Published online by Cambridge University Press:  08 June 2012

Luc Devillers
Affiliation:
Faculté de théologie, Université Miséricorde (4218) Av. de l'Europe 20, 1700 Fribourg, Switzerland. email: [email protected]

Abstract

Like its last verse (Jn 1.18), the Prologue of the Johannine Gospel has a double meaning: christological and soteriological. The christological one is mainly connected with John 1–20, the soteriological with John 21, and both are linked to 1 John. Indeed, while the Prologue interacts with the Gospel narrative and with the Epilogue (Jn 21), it works also as a ‘relecture’ (re-reading) of 1 John.
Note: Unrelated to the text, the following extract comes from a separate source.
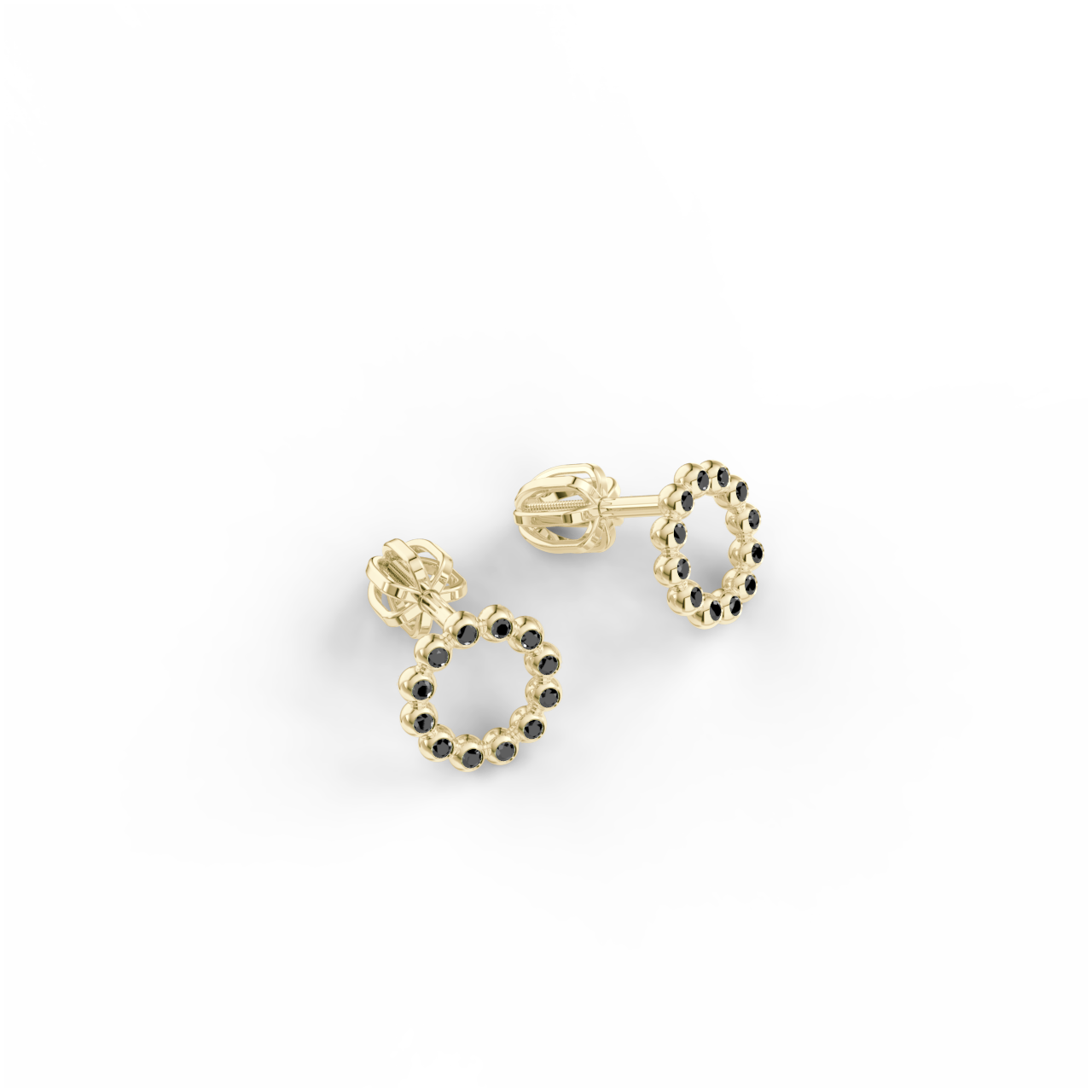 | Náušnice Bubbles Circle z kuličkového 14 Kt žlutého zlata s černými diamanty. |
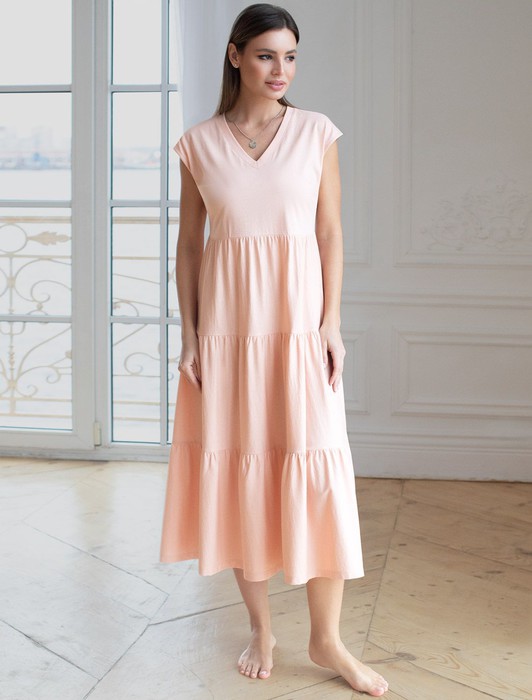 Состав: 100%ХлопокСтильное платье миди с V вырезом нежного пудрового цвета выполнено из 100% хлопка плотностью 140 Г/м2. Главная особенность этого изделия — тонкое кулирное полотно, которое легче и воздушнее стандартного трикотажа. Благодаря своей деликатной текстуре модель идеально подходит для домашних образов и пижамных комплектов. Ткань отлично «дышит», обеспечивая максимальный уют во время сна и отдыха. Платье ярусного кроя красиво подчеркивают фигуру, скрывая возможные недостатки и акцентируя достоинства. Свободное платье отлично подойдет на большие размеры. Длина платья миди обеспечивает гармоничное сочетание комфорта и элегантности, подходя для разных поводов. V-образное декольте придает образу нежность и женственность, а ярусная конструкция добавляет образу эффект воздушности и динамичность. Материал натуральный и приятный к телу, создает ощущение легкости и свежести. Такое повседневное платье подчеркнет индивидуальность и стиль.

It recapitulates the promise by Jesus to lead the believers ‘where he is’—i.e. ‘in(to) the bosom of the Father’ (Jn 1.18//Jn 12.26; 14.2–3, 6; 17.24)—as well as the assertion of the Letter regarding the children of God (Jn 1.12//1 Jn 3.1–2). In adding a Prologue and an Epilogue, the last redactor of Jn created a huge meta-historical arch evoking the whole Divine design, from the Alpha before the Creation (ἐν ἀρχῇ, Jn 1.1–2) to the Omega of the eschatological coming of the Risen One (ἕως ἔρχομαι, Jn 21.22, 23; cf. the παρουσία of 1 Jn 2.28). The Prologue is then the keystone and the reading key of the Johannine literature.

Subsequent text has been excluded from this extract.